3. Business significance over statistical significance
Sherman summarised the concept of statistical significance, often used in research: “If I repeat an analysis, how likely is it that the difference will be in the same direction as before?” But he posited it was vital that the data needed to have business significance over statistical significance. He defined it this way: “I have to make a decision; If I repeat the analysis, how likely is it that I’ll reach the same conclusion about what decision to make?”
Focus your analysis on what matters, he advised. What decision do you have to make? What information will change that decision? Data can help to reduce decision-making risk, he said.
4. Porpoise, don’t boil the ocean
Here’s why a researcher is compared to a porpoise – the porpoise comes up to breathe, goes back down to swim and does this repeatedly. This is how researchers should look at data. Don’t look at it as conclusive.
“Start with a hypothesis, go down deep and look at the data, and come back up and see if you’re right,” he said.
5. Correlation is not causality
Sharing the example of this Dilbert cartoon to illustrate the point, Sherman also gave an example.
While at McKinsey working on a client, he said it had a dilemma. For a supermarket, does shelf space for a brand drive sales or does sales drive shelf space? Everyone thought that it was the former. But it wasn’t the cause. “Sales drove shelf space, not the other way around, showing a clear misunderstanding of correlation.”
6. Close the loop …
Sherman talked about sites such as Amazon as a perfect example of being able to close the loop.
“It knows what you browse, what you buy, and what you review. For instance, if one buys a book on Amazon, the search results you get will change. If you write a negative review on Amazon, the suggestions you get will also change. That’s closing the loop and using that to drive suggestions,” he said, suggesting that this was a good way for brands to look at holistic data.
7. Beware of useless numbers
A chart may not mean anything, and the numbers may not mean much.
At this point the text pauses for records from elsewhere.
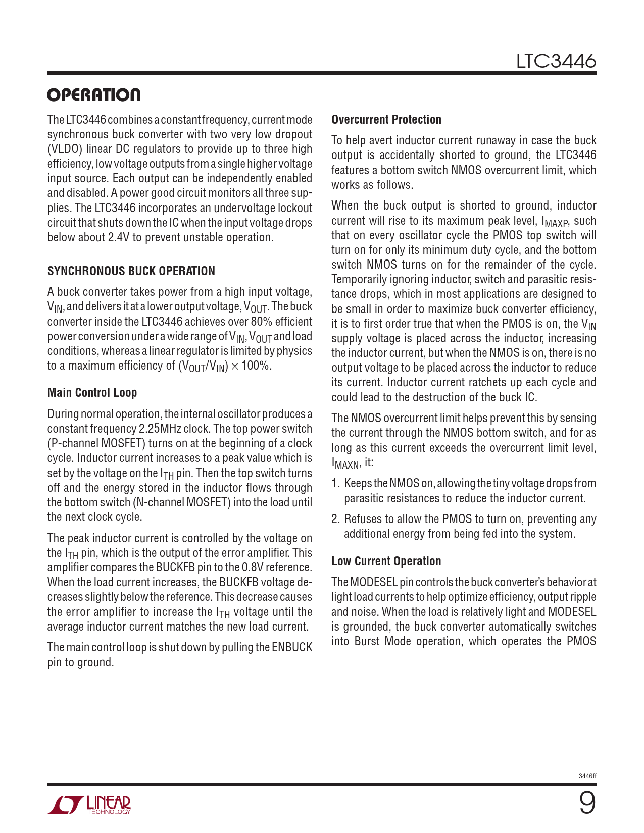 synchronous buck converter with two very low dropout To help avert inductor current runaway in case the buck (VLDO) linear DC regulators to provide up to three high output is accidentally shorted to ground, the LTC3446 efficiency, low voltage outputs from a single higher voltage features a bottom switch NMOS overcurrent limit, which input source. Each output can be independently enabled works as follows. and disabled. A power good circuit monitors all three sup- plies. The LTC3446 incorporates an undervoltage lockout When the buck output is shorted to ground, inductor circuit that shuts down the IC when the input voltage drops current will rise to its maximum peak level, IMAXP, such below about 2.4V to prevent unstable operation. that on every oscillator cycle the PMOS top switch will turn on for only its minimum duty cycle, and the bottom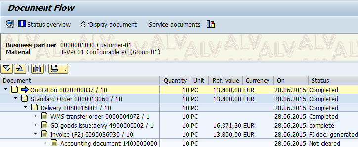 This step is optional and it is reported just to show that the complete sales cycle has been performed successfully, apart from the final customer’s payment. To display the sales document history created for your configurable products, execute transaction code VA03 or follow menu path Logistics > Sales and Distribution > Sales > Order > Display. In the initial screen that appears (not shown), enter the sales order document number and click the display document flow icon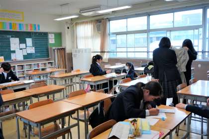 社会の単元テストがあるそうです。朝一番から頑張っていますね。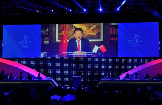 2015年7月31日,在国际奥委会投票表决前,国家主席习近平通过视频向国际奥委会委员致辞。新华社记者 公磊 摄

This happens if you’re not asking the question right, said Sherman.
Also, there’s a flaw of averages. For example, if you survey both cardiologists and psychologists on what the top drug companies are, and take the average of that, this will be meaningless.
Sherman debunked the concept of the “average person” as well. “What is the average person? Is he half male and half female? This misconception drives a lot of conclusions.”
8. Demographics are better than nothing (but only just)
Too much of the targeting today is based on generic demographics and can be misleading. For instance, we know gamers may be young, but what if you have players like a grandfather who likes to play with his grandchildren? Sherman asked.
9. Ask the right question
Sherman gave instances of wrong ways to question, for example, asking people if they were competitive about pricing. “Who’s going to say no, charge me higher?” But the truth is, few customers know the competitive pricing about certain goods or services.
10. Communicate clearly
Finally, one important thing for those in data and analytics is being able to tell a good story. “For data, you must be able to communicate clearly, think of it as an elevator speech. Think of it that way when communicating to the CEO. You must be able to do it in a few seconds. Do it in a one-page executive summary.”
He told of his experience at McKinsey, where everyone was taught to be able to do an elevator speech of a project.
“If the client is in the lift with you and asks, how’s the project going, you don’t say ‘good’. You need to be able to say – so here’s what I think you need to do,” he said.
“The key to a good elevator speech – synthesise, not summarise. Don’t give facts, give the meaning behind them.”